### Dataset excerpts
--------------------

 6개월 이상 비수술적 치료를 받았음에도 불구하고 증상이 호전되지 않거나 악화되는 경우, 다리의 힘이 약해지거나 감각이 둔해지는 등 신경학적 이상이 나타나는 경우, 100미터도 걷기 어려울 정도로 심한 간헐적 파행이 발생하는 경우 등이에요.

--------------------

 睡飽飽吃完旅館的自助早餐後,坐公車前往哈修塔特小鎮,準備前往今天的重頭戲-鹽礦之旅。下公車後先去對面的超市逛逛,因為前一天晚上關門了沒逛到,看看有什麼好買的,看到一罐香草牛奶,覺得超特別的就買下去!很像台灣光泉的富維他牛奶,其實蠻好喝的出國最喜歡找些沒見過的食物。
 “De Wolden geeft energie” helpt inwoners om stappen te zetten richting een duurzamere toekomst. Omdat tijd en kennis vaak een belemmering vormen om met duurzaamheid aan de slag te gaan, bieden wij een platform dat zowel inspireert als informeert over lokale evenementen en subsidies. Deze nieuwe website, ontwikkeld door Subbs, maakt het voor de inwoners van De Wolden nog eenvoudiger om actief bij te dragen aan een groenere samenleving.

--------------------

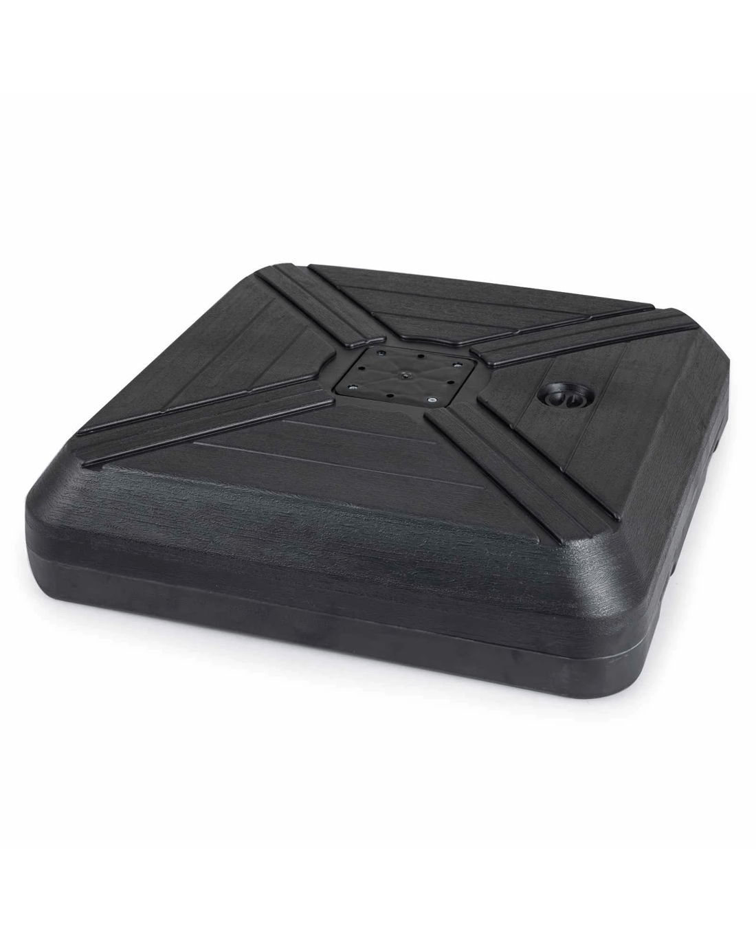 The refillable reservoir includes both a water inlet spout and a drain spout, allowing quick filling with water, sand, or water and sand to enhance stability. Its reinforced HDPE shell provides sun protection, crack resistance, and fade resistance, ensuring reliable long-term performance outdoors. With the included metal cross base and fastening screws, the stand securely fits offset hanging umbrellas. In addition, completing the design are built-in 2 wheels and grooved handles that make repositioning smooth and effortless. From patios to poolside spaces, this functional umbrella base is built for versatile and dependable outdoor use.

--------------------

### Exercise goal
Using the records above, set down exactly the lines from the one with "睡飽飽吃完旅館的自助早餐後,坐公車前往哈" through the one with "een groenere samenleving.", inclusive, and nothing more.

### Answer area
 睡飽飽吃完旅館的自助早餐後,坐公車前往哈修塔特小鎮,準備前往今天的重頭戲-鹽礦之旅。下公車後先去對面的超市逛逛,因為前一天晚上關門了沒逛到,看看有什麼好買的,看到一罐香草牛奶,覺得超特別的就買下去!很像台灣光泉的富維他牛奶,其實蠻好喝的出國最喜歡找些沒見過的食物。
 “De Wolden geeft energie” helpt inwoners om stappen te zetten richting een duurzamere toekomst. Omdat tijd en kennis vaak een belemmering vormen om met duurzaamheid aan de slag te gaan, bieden wij een platform dat zowel inspireert als informeert over lokale evenementen en subsidies. Deze nieuwe website, ontwikkeld door Subbs, maakt het voor de inwoners van De Wolden nog eenvoudiger om actief bij te dragen aan een groenere samenleving.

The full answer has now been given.